Professor Grossmann described Berlin in the days following Germany’s surrender–the mass rape of German women by the Red Army, the liberated slave laborers and homecoming soldiers, returning political exiles, Jews emerging from hiding and ethnic German refugees fleeing the East. She chronicled the hunger, disease and homelessness, the fraternization with Allied occupiers, and the complexities of navigating a world where the commonplace mingled with the horrific.

Grossmann untangled the stories of Jewish survivors inside and outside the displaced-persons camps of the American Zone of Occupation as they built families and reconstructed identities while awaiting emigration to Palestine or the United States. She also examined how Jews and Germans sought to restore normalcy–in work, in their relationships, and in their daily encounters.

Atina Grossmann is professor of history at Cooper Union.

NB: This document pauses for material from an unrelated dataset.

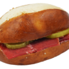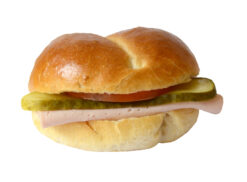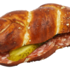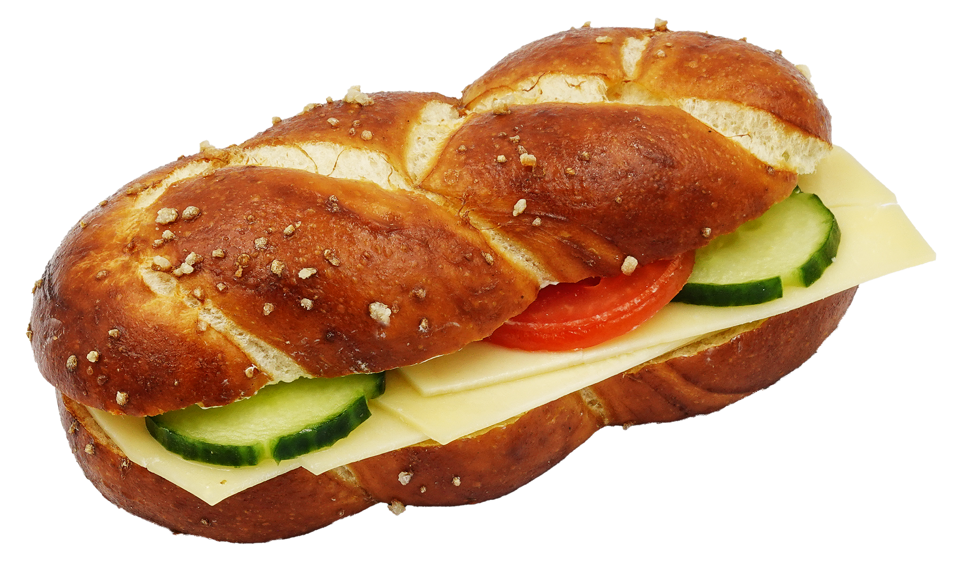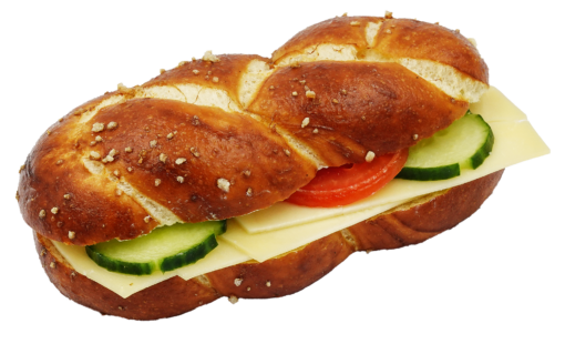 Luftiges Laugenzöpfli, gefüllt mit Gruyère und garniert mit Gurken- und Tomatenscheibe.

She is the author of Reforming Sex: The German Movement for Birth Control and Abortion Reform, 1920-1950 (Oxford, 1995) and the coeditor, with Omer Bartov and Mary Nolan,
of Crimes of War: Guilt and Denial in the Twentieth Century (New Press, 2002).

The talk was sponsored by Ramapo College’s Gross Center for Holocaust and Genocide Studies and the Women’s Studies Program with the support of the Office of Student Affairs Platinum Series. It took place in conjunction with Ramapo College’s celebration of Women’s Herstory Month.